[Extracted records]
*** Block opens ***
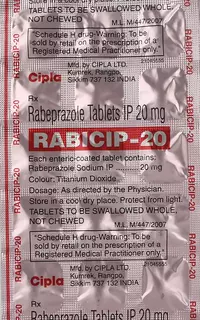 What is Rabicip 20 Tablet (Rabeprazole 20mg) used for? Rabicip 20 Tablet (Rabeprazole 20mg) is a proton pump inhibitor used to treat acid-related conditions like gastroesophageal reflux disease (GERD), peptic ulcer disease, and Zollinger-Ellison syndrome. It works by lowering the amount of acid your stomach produces, providing relief from symptoms, and promoting healing.
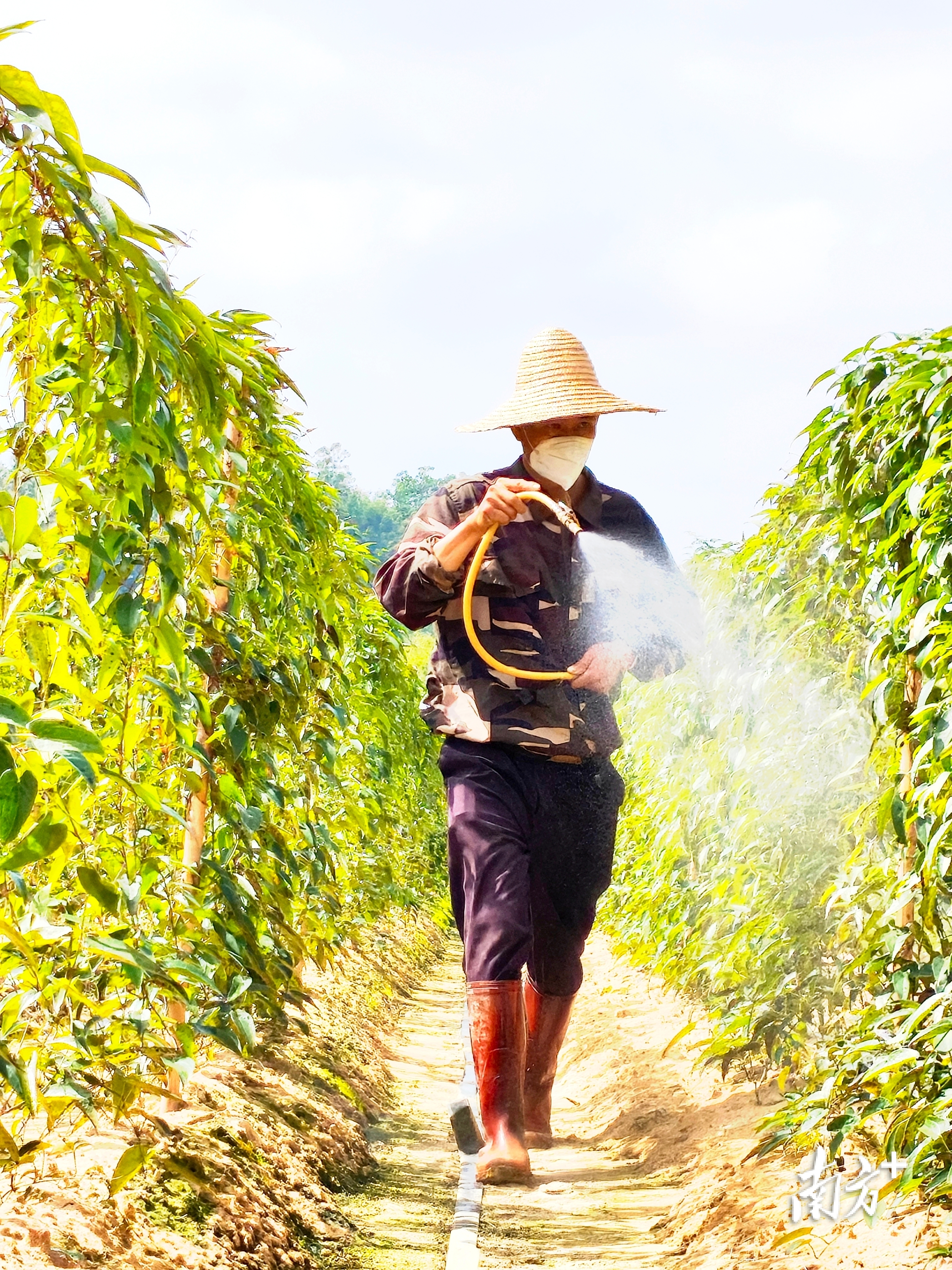 蔡文天抢抓农时,在田间喷洒药液管护淮山。 受访者 供图
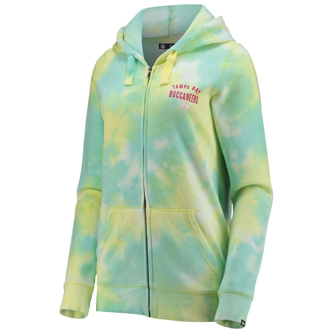 - This Tampa Bay Buccaneers full-zip hoodie by New Era supplies casual comfort and style. A midweight design and fleece lining offer a warm, snug feel. Plus, the trendy ice, tie-dye pattern complements the bold Tampa Bay Buccaneers graphics for a distinct look.
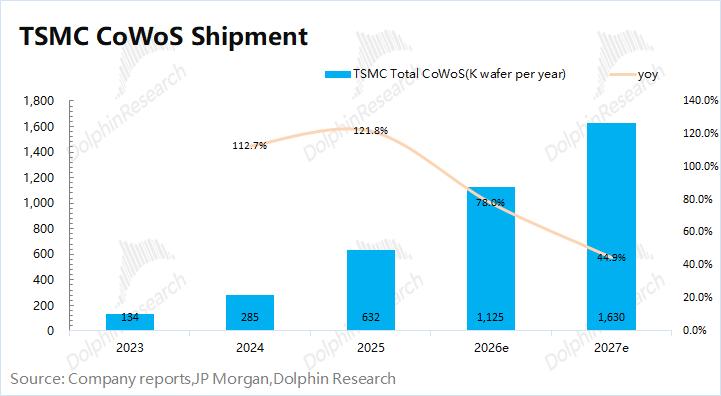 结合行业数据及市场预期,台积电目前CoWoS的月产能约8万片左右,至2026年末有望扩大至12万片左右。海豚君预估2026年台积电CoWoS的出货量有望达到110万片以上,同比增长77%,其中英伟达和博通是最主要的客户。
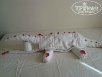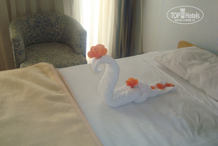Доброго всем дня! Отдыхали с 20 по 29 августа. Начну с расселения: Приехали по местному времени в 8.30, сразу пошли на завтрак. На ресепшне сказали, что заселят ровно в 2 ч., так и получилось, хотя после нас приехала группа немцев, их расселили сразу. Очень тяжело было дожидаться, но зато номер дали такой как просили (через сайт), учли все пожелания. Номер хороший, всё работало. Убирали каждый день, чаевые по доллару оставляли не всегда, но когда оставляли, всегда делали разные фигуры из полотенец и даже из одеял.
*** Block closes ***
▸ **WHAT IS REQUIRED**: Omit the pictures and retype exactly the lines from the one containing "结合行业数据及市场预期,台积" through the end of the entries above.

▸ **ANSWER BELOW**:
 结合行业数据及市场预期,台积电目前CoWoS的月产能约8万片左右,至2026年末有望扩大至12万片左右。海豚君预估2026年台积电CoWoS的出货量有望达到110万片以上,同比增长77%,其中英伟达和博通是最主要的客户。
Доброго всем дня! Отдыхали с 20 по 29 августа. Начну с расселения: Приехали по местному времени в 8.30, сразу пошли на завтрак. На ресепшне сказали, что заселят ровно в 2 ч., так и получилось, хотя после нас приехала группа немцев, их расселили сразу. Очень тяжело было дожидаться, но зато номер дали такой как просили (через сайт), учли все пожелания. Номер хороший, всё работало. Убирали каждый день, чаевые по доллару оставляли не всегда, но когда оставляли, всегда делали разные фигуры из полотенец и даже из одеял.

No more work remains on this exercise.